Honestly evaluate yourself for how well you receive feedback. This can be difficult to do, so it’s sometimes beneficial to ask people who know you well how they think you receive constructive criticism. When doing this, keep in mind that if you don’t take feedback well, they may be hesitant to be honest. Then, when you are given feedback, keep your typical response in mind and be willing to take a step back and reframe the criticism to look for the value it may contain.
Survey employees and clients
Both your employees and your clients can tell you a lot about your business that you may not even be aware of. Clients can tell you a great deal about their customer experience, and employees can tell you not just about the workplace culture but also about specific issues that may be causing problems.
These two groups are both vital to your organization, and their opinion of your business matters. They have the ability to affect your revenue, whether that’s in choosing to do business with you or through the myriad ways that employees contribute.
Ask the right questions
A survey is only as good as the questions it asks.

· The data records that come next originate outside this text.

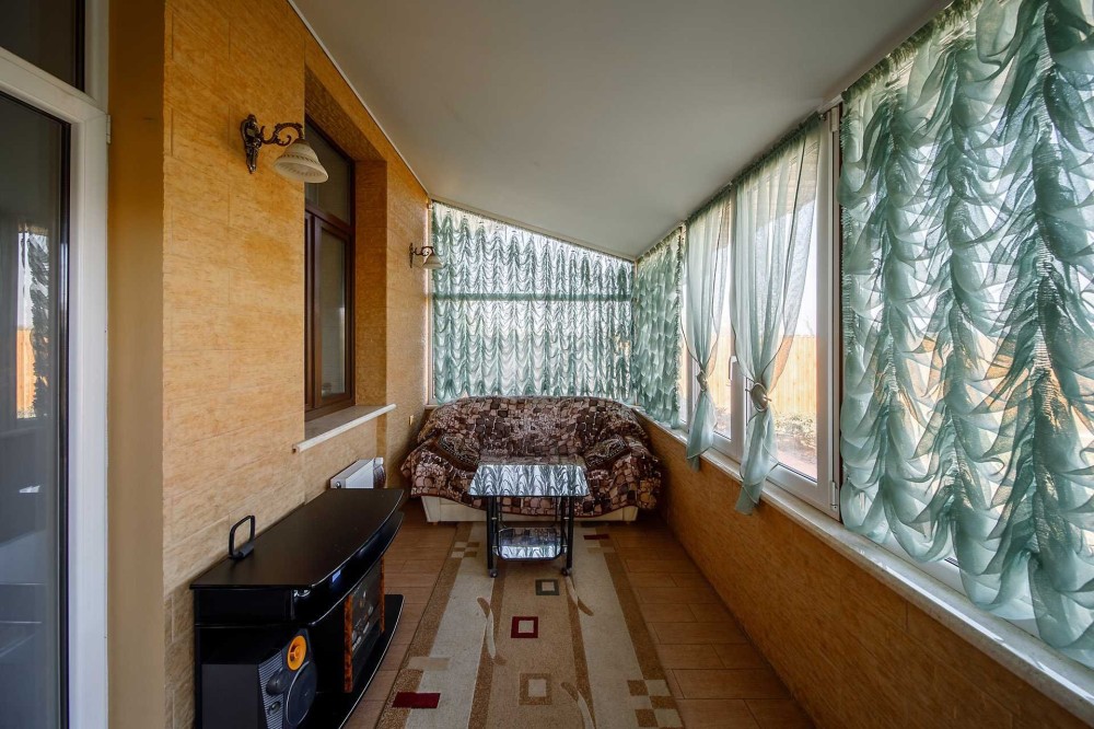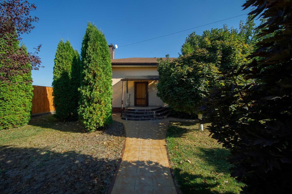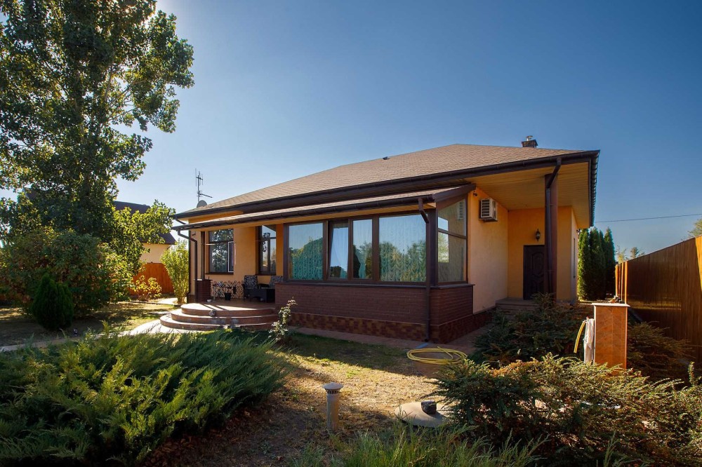 Матеріали зовнішніх стін: піноблоки, утеплено мінеральною ватою, облицьовано фактурною штукатуркою. Будинок одноповерховий, 3-и спальні, вітальня, кухня, 2-і вбиральні, гардеробна, зимова та літня тераси, підсобні приміщення. Використані сучасні енергозберігаючі матеріали, оселя тепла взимку та тримає прохолоду влітку. Комбіноване опалення: твердопаливний котел та електричний котел, лічильник електроенергії "день-ніч". В коридорі на кухні та у вбиральнях зроблена тепла підлога. Інтегрована система додаткового очищення води та зворотній осмос питної води. Гаряча вода від бойлера. Індивідуальну безпеку забезпечує встановлена на будинок сигналізація та відеоспостереження. Концепція авторського проекту підкреслює вишуканий стиль будинку в якому комфортно та затишно.
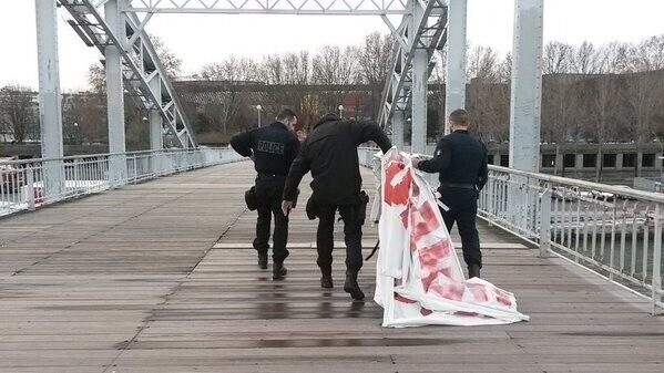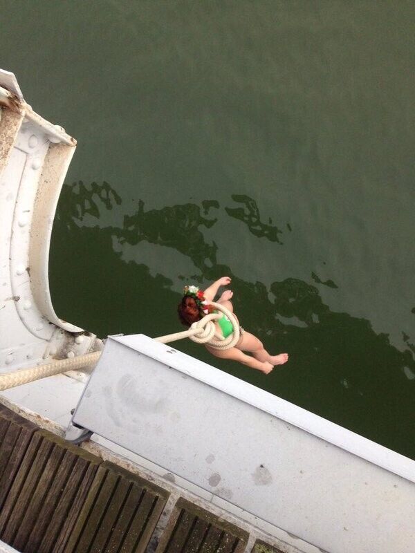 Активистка Femen повисла под парижским мостом в знак протеста против приезда Рухани. Фоторепортаж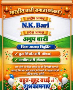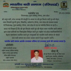 अंत में उन्होंने “जय बारी समाज” का उद्घोष करते हुए सभी के सहयोग और समर्थन की अपील की।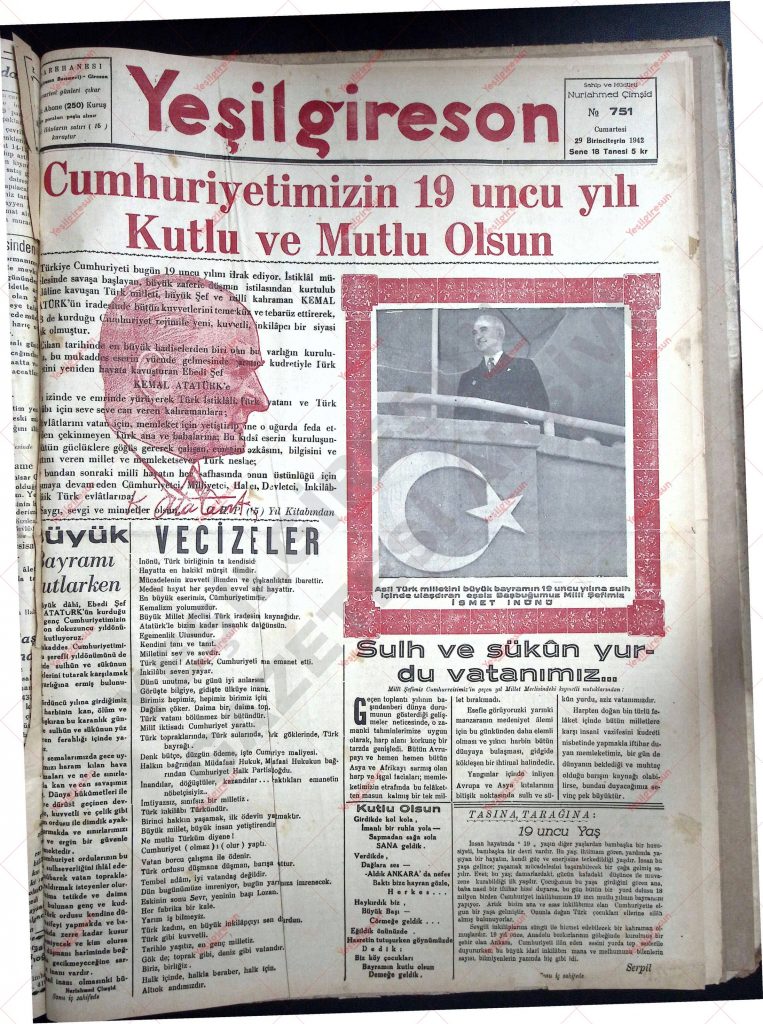 29 Ekim 1942 Tarihli Yeşilgiresun Gazetesi

Before you write your questions, ask yourself what the purpose of those questions is and then craft the questions to draw out the best possible information. The more detail you can get from respondents, the better.
Your questions should also be easy to answer to respect the respondent’s time. People are more likely to fill out a survey if it respects their time.
Hennessey Digital uses just two main questions in our survey:
- On a scale of 1-10, how enthusiastic would you be to recommend our business to a friend, family member, or colleague?
- If you didn’t score a 10, what could we do to score a 10 in your eyes?
These questions are a great place to start, and if you want feedback on a particular aspect of your business, you can craft questions targeted at that topic.
Embrace feedback and nonperfect scores
This is where I see many businesses use surveys wrong: they survey a customer after an interaction, and anything less than a perfect score is considered undesirable. The survey is sometimes used as a metric to record a customer service representative’s performance.
This isn’t particularly useful, and can even be harmful in the long run. The point of a survey is actually those nonperfect scores. Perfect scores tell you next to nothing. While it’s nice to receive a 10, I’m always looking for lower scores because they give me information I can use to improve. The second question—“What could we do to score a 10 in your eyes?”—is the real point of the survey. That’s where the gold lies—real feedback that can be turned into actionable changes to improve your business.
Follow up and measure outcomes
This survey method has allowed us at Hennessey Digital to significantly improve our services and our business as a whole by applying feedback. Applying feedback doesn’t mean just taking suggestions and implementing them—it’s about searching for the root cause of problems and finding solutions for them.
For example, if a client responds that their email got lost and they didn’t hear back from us for weeks, that’s a problem we likely wouldn’t have known about without that feedback. With that knowledge, we can build a system to ensure every email is addressed by changing the structure of our email support.
Sometimes a solution to the problems brought up in feedback isn’t clear, and it can take a while to investigate and piece together solutions, but by asking the right questions and listening for their answers, you arm yourself with information from both the employee and client sides of your business to systematically improve one step at a time.